[DATA BLOCK Boundary: Start]
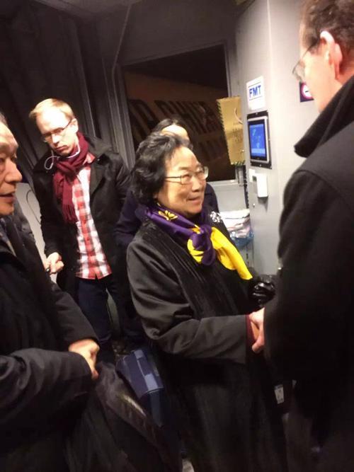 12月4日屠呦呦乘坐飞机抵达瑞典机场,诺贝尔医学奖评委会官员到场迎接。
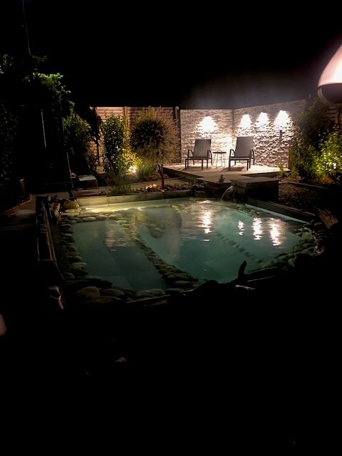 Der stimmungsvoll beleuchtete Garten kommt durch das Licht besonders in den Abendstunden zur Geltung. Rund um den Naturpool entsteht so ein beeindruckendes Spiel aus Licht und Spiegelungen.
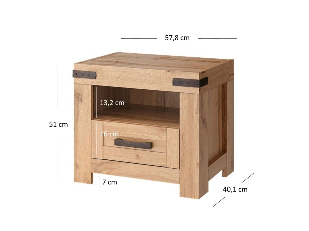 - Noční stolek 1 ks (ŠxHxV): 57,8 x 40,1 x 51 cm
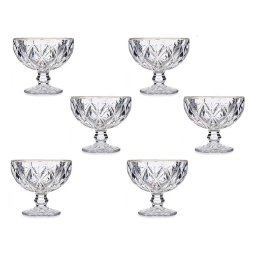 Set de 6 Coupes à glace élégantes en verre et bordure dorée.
[DATA BLOCK Boundary: End]
The answer should consist only of the lines from the line with "- Noční stolek" through the last line of the data, repeated exactly; pictures stay out.

 - Noční stolek 1 ks (ŠxHxV): 57,8 x 40,1 x 51 cm
 Set de 6 Coupes à glace élégantes en verre et bordure dorée.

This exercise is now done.